Great idea! Maybe I'm just a bit slow, but some of these RegExes give me a splittin' headache :)
The emphasis
RegularExpression /'{3}(.*?)'{3}/ looks like it would match situations where the apostrophes contain nothing. Wouldn't
/'{3}(.*)'{3}/ be simpler? And horizontal line
RegularExpression should only match
exactly 4 dashes not 4 or more. --
AdewaleOshineye
Also in
HtagWiki I use the backreferencing to make it easy to match several alternate formatting rules like:
(''|//)(.*?)\1
for example to allow the slash notation too in one simple expression.

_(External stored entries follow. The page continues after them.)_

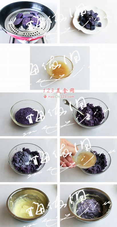3、紫土豆粉45克加120克沸水,调成150克紫土豆泥。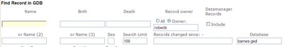 You can restrict your search to a particular database. Normally you’ll combine this with a particular record owner: here, for example, we want only records from my “barnes.ged” database.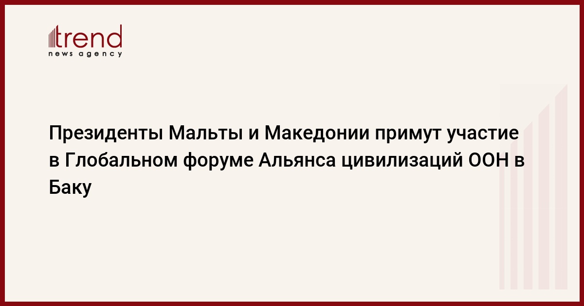 БАКУ /Trend/ - Президент Мальты Мари-Луиз Колейро Прека и президент Македонии Георге Иванов прибудут в Баку для участия в VII Глобальном форуме Альянса цивилизаций ООН, который состоится 25-27 апреля, сообщили Trend в субботу в министерстве культуры и туризма Азербайджана.
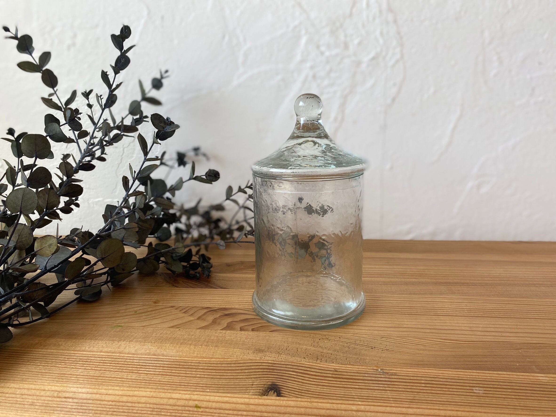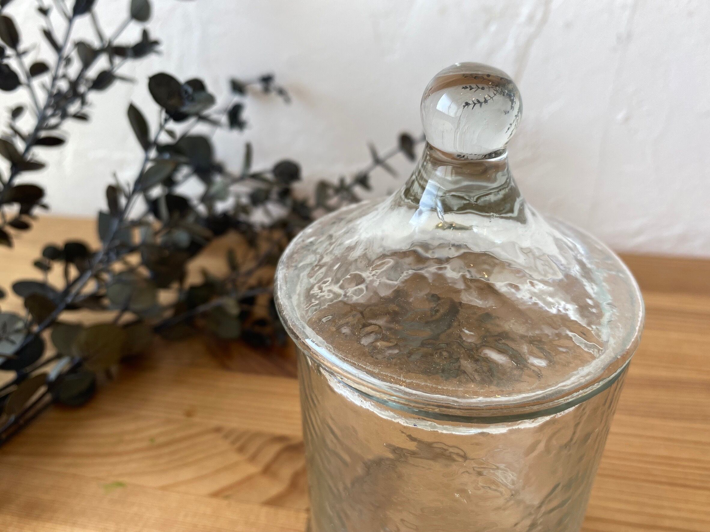 ガラスのゆらぎが美しい凹凸のあるテクスチャー入りガラスキャニスターのハイタイプ。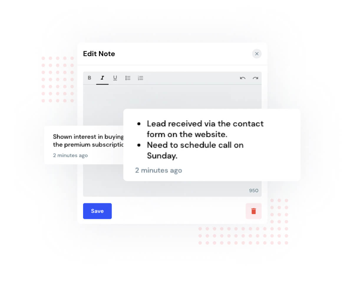 Several things go through your mind while talking to a lead on WhatsApp. The good thing is you don’t need to remember all the information, as you can simply take down and save notes for future use.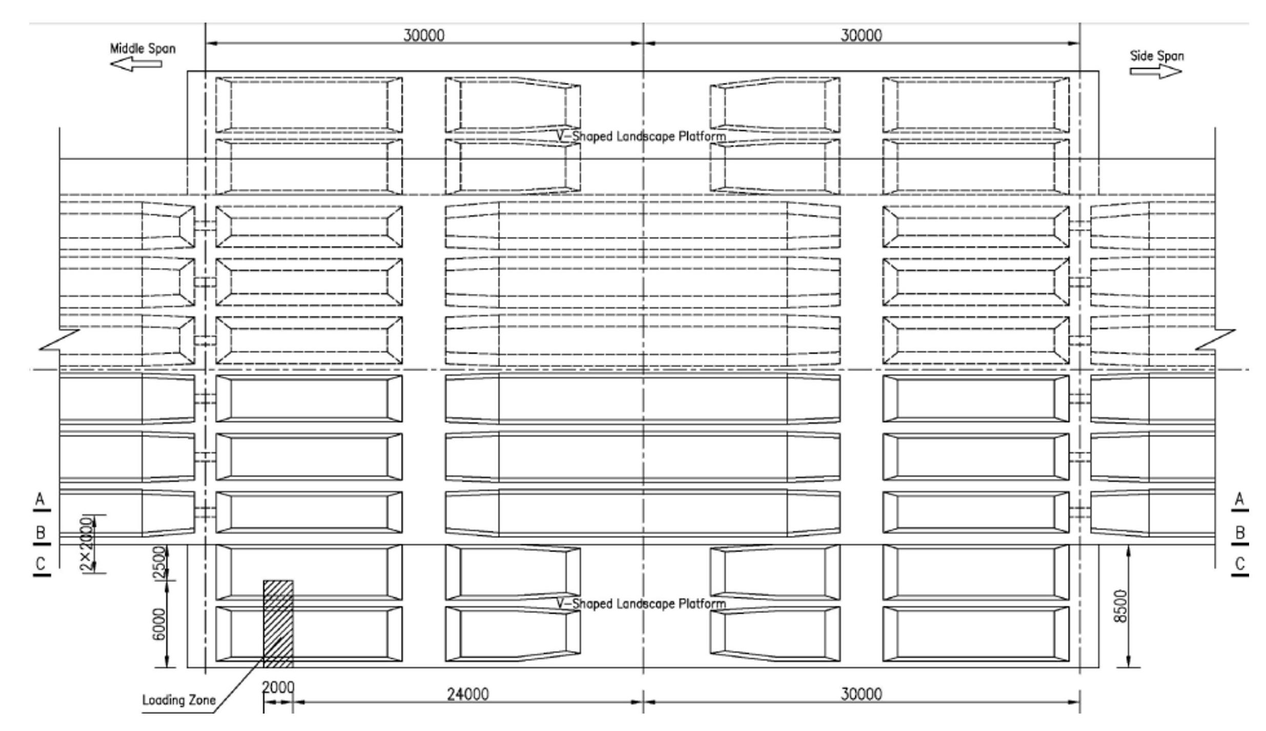 A 216 kN load is applied on the cantilever landscape platform with a curved Vleg to simulate the effect of the footbridge and pedestrian load. Multiple sections along the transverse of bridge are selected according to a certain distance to view the transverse stress distribution. The positions of sections A, B and C are shown in Figure13.

Also, I believe matching blank apostrophe parts is accuarate too, as long as the rules are ordered with the expression gobbling the most quotes first. -- sn
Let's try this one:
^ +(.*)\n','<pre>$1</pre>
to mark all monospaced lines and
</pre><pre>
for deletion after to merge the lines into a single block. is that accurate?
What is an efficient quick and dirty way for the spell checker? I tried a
RegularExpression but that took over 14seconds for a small page and a 270k dictionary. A simple search for each word takes only 0.4seconds. Of course indexing would speed this up. But perhaps I'm approaching this from the wrong end too. How is simple spell checking usually implemented? -- sn
By the users... it's a wiki, after all.